> [WHAT YOU SHOULD DO]: Images are to be dropped, and the rest of the data reproduced exactly.

> [DATASET SECTION]:
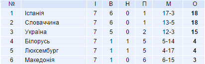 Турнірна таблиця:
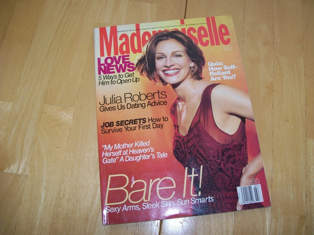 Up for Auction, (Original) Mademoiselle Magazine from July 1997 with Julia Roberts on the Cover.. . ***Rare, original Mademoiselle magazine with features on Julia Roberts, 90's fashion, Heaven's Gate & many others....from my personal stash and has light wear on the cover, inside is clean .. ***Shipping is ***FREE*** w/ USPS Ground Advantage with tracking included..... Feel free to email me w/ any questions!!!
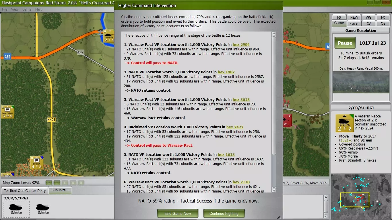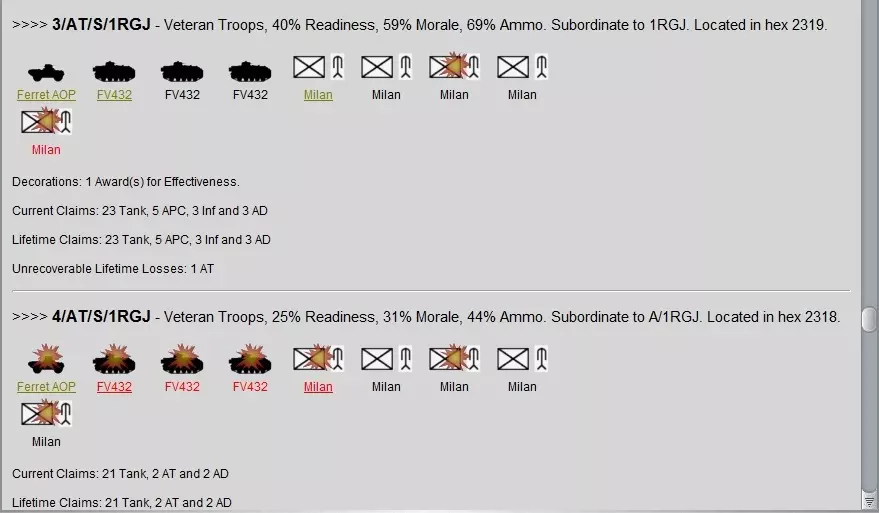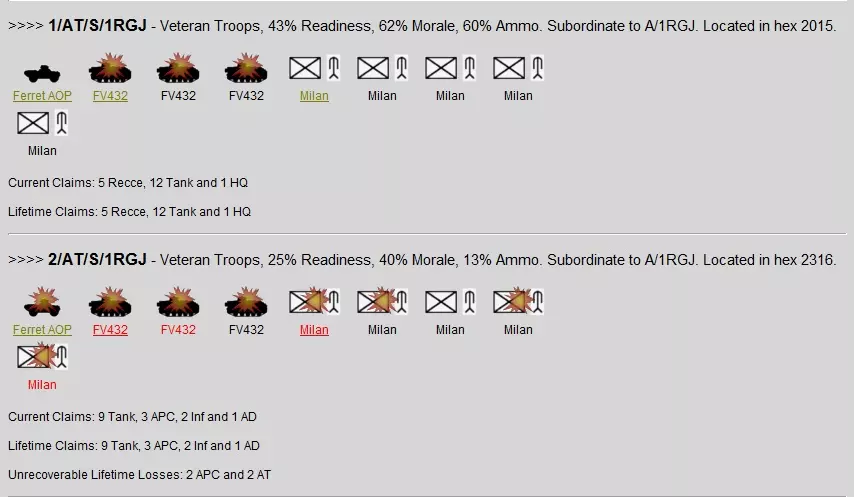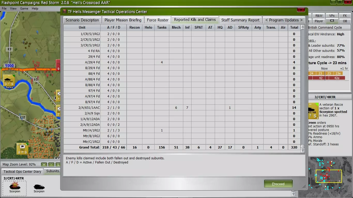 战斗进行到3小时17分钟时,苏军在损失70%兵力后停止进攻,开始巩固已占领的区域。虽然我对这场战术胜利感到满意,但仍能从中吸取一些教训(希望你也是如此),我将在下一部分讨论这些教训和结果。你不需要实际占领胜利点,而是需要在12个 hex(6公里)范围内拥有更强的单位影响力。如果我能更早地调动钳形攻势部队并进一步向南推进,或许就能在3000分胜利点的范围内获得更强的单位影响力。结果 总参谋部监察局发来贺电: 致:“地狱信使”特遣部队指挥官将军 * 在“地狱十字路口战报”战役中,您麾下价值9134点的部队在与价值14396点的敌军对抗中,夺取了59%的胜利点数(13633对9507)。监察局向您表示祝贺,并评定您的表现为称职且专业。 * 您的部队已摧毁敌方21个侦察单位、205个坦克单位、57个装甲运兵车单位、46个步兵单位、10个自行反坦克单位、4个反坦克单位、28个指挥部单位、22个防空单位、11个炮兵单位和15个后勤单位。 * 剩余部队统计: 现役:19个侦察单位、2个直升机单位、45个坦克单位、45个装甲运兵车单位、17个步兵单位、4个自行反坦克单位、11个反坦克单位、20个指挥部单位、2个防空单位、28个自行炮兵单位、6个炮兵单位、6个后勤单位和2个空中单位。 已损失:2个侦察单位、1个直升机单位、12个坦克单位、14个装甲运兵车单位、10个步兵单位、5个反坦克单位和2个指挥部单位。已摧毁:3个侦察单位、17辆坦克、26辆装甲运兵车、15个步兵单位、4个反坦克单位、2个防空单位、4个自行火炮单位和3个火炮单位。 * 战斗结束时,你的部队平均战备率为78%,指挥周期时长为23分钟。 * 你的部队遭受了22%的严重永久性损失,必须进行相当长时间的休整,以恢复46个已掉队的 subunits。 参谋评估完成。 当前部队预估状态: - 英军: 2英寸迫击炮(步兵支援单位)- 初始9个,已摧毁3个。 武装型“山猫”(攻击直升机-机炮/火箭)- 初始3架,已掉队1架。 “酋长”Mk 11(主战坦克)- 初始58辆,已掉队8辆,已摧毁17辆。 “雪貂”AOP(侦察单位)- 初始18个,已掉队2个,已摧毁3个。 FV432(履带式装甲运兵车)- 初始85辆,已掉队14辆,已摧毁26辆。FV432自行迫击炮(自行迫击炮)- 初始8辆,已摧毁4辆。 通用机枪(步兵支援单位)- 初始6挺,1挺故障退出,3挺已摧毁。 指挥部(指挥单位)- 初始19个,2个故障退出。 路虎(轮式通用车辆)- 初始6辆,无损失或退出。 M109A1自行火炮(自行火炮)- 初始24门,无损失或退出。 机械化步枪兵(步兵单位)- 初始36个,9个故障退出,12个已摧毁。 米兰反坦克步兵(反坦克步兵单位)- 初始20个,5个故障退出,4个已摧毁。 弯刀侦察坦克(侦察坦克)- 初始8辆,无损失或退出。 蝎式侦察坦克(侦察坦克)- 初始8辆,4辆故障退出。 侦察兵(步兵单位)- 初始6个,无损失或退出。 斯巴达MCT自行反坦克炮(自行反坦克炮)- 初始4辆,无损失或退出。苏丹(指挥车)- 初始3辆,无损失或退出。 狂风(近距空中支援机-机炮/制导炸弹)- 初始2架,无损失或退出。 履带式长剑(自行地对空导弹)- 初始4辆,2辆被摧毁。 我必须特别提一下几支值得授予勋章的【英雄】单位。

> [COMPLETED TASK]:
 Турнірна таблиця:
 Up for Auction, (Original) Mademoiselle Magazine from July 1997 with Julia Roberts on the Cover.. . ***Rare, original Mademoiselle magazine with features on Julia Roberts, 90's fashion, Heaven's Gate & many others....from my personal stash and has light wear on the cover, inside is clean .. ***Shipping is ***FREE*** w/ USPS Ground Advantage with tracking included..... Feel free to email me w/ any questions!!!
 战斗进行到3小时17分钟时,苏军在损失70%兵力后停止进攻,开始巩固已占领的区域。虽然我对这场战术胜利感到满意,但仍能从中吸取一些教训(希望你也是如此),我将在下一部分讨论这些教训和结果。你不需要实际占领胜利点,而是需要在12个 hex(6公里)范围内拥有更强的单位影响力。如果我能更早地调动钳形攻势部队并进一步向南推进,或许就能在3000分胜利点的范围内获得更强的单位影响力。结果 总参谋部监察局发来贺电: 致:“地狱信使”特遣部队指挥官将军 * 在“地狱十字路口战报”战役中,您麾下价值9134点的部队在与价值14396点的敌军对抗中,夺取了59%的胜利点数(13633对9507)。监察局向您表示祝贺,并评定您的表现为称职且专业。 * 您的部队已摧毁敌方21个侦察单位、205个坦克单位、57个装甲运兵车单位、46个步兵单位、10个自行反坦克单位、4个反坦克单位、28个指挥部单位、22个防空单位、11个炮兵单位和15个后勤单位。 * 剩余部队统计: 现役:19个侦察单位、2个直升机单位、45个坦克单位、45个装甲运兵车单位、17个步兵单位、4个自行反坦克单位、11个反坦克单位、20个指挥部单位、2个防空单位、28个自行炮兵单位、6个炮兵单位、6个后勤单位和2个空中单位。 已损失:2个侦察单位、1个直升机单位、12个坦克单位、14个装甲运兵车单位、10个步兵单位、5个反坦克单位和2个指挥部单位。已摧毁:3个侦察单位、17辆坦克、26辆装甲运兵车、15个步兵单位、4个反坦克单位、2个防空单位、4个自行火炮单位和3个火炮单位。 * 战斗结束时,你的部队平均战备率为78%,指挥周期时长为23分钟。 * 你的部队遭受了22%的严重永久性损失,必须进行相当长时间的休整,以恢复46个已掉队的 subunits。 参谋评估完成。 当前部队预估状态: - 英军: 2英寸迫击炮(步兵支援单位)- 初始9个,已摧毁3个。 武装型“山猫”(攻击直升机-机炮/火箭)- 初始3架,已掉队1架。 “酋长”Mk 11(主战坦克)- 初始58辆,已掉队8辆,已摧毁17辆。 “雪貂”AOP(侦察单位)- 初始18个,已掉队2个,已摧毁3个。 FV432(履带式装甲运兵车)- 初始85辆,已掉队14辆,已摧毁26辆。FV432自行迫击炮(自行迫击炮)- 初始8辆,已摧毁4辆。 通用机枪(步兵支援单位)- 初始6挺,1挺故障退出,3挺已摧毁。 指挥部(指挥单位)- 初始19个,2个故障退出。 路虎(轮式通用车辆)- 初始6辆,无损失或退出。 M109A1自行火炮(自行火炮)- 初始24门,无损失或退出。 机械化步枪兵(步兵单位)- 初始36个,9个故障退出,12个已摧毁。 米兰反坦克步兵(反坦克步兵单位)- 初始20个,5个故障退出,4个已摧毁。 弯刀侦察坦克(侦察坦克)- 初始8辆,无损失或退出。 蝎式侦察坦克(侦察坦克)- 初始8辆,4辆故障退出。 侦察兵(步兵单位)- 初始6个,无损失或退出。 斯巴达MCT自行反坦克炮(自行反坦克炮)- 初始4辆,无损失或退出。苏丹(指挥车)- 初始3辆,无损失或退出。 狂风(近距空中支援机-机炮/制导炸弹)- 初始2架,无损失或退出。 履带式长剑(自行地对空导弹)- 初始4辆,2辆被摧毁。 我必须特别提一下几支值得授予勋章的【英雄】单位。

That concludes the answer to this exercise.